Sending Saintly Safe-wishes

(Forum poet and yogic valkyrie ‘Gypsy’ has been traveling throughout India the past four months. It just so happens that her latest blog entry was from Varanasi – the Holy city rocked by yesterday’s bomb blasts and rising tensions between Hindus and Muslims. Protective and paranoid vibes instinctively began to ripple in great force – but the story below seems to speak of how the Indian ‘way’ is inclined to take such things in stride. It’s as if there is an innate cultural ‘prioritizing’ – a daily need to attend to matters of ‘deeper’ significance – that fuels the engine of India’s spirit. What can we learn from this?)

FROM ABC NEWS – March 7, 2006

Armed police mounted vigil at temples and public places across India and leaders appealed for calm as Hindu groups called for a strike in a northern state to protest against bomb blasts that killed 15.

Tuesday’s blasts in Varanasi, one of the holiest pilgrimage centres for the country’s majority Hindus, also wounded dozens of people and came barely a week before Holi, the Hindu festival of colours.

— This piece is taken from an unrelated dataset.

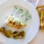 Place Cusk in a shallow baking dish and season with salt and pepper. Whisk together garlic, rosemary, oil and lime juice in a small bowl. Pour 3/4 mixture over Cusk, toss and marinate 15 to 30 minutes.
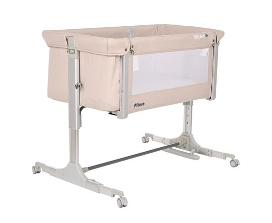 Колыбель PITUSO KALMA DELUX оснащена специальной системой крепления, благодаря которой фиксировать ее к кровати родителей очень просто (крепится к кровати родителей с помощью ремней). Боковой бортик опускается для присоединения к кровати родителей и поднимается обратно. Прочная алюминиевая рама имеет 4 уровня регулировки высоты и усилена дополнительной защитой против случайного сложения. А кнопки с обеих сторон колыбели предотвращают случайную смену положения высоты. Колыбель можно использовать как самостоятельную детскую кроватку. Сетка в передней части колыбели позволяет родителям присматривать за ребенком.

It sparked fears of sectarian violence as some police officers suspected the attack to be the work of Islamist militants fighting against Indian rule in disputed Kashmir. But there were no reports of trouble, police said.

“The city is peaceful. We have taken all precautions. There have been no reports of any untoward incidents,” said K.L. Meena, Varanasi’s inspector-general of police.

“There have been no arrests so far and police parties are conducting raids at various places since last night,” he said.

Prime Minister Manmohan Singh urged people to remain calm after the blasts, but Hindu groups allied to the opposition Bharatiya Janata Party called for a general strike in the state on Wednesday to protest against the blasts. Authorities said they had shut down schools and colleges as a precaution, but a Reuters reporter said traffic on the streets of the ancient city appeared normal.

“People are moving around. Puja (worship) is going on in the temples. There is no problem now,” said 65-year-old housewife Prem Lata.

Temple-studded Varanasi, 670 km southeast of the capital New Delhi, is on the banks of the holy Ganges river. Hindus believe that dying in Varanasi, being cremated on the banks of the Ganges and the ashes immersed in the river ensures release from the cycle of rebirth. Many elderly and ill people come to the city if they believe they are close to death.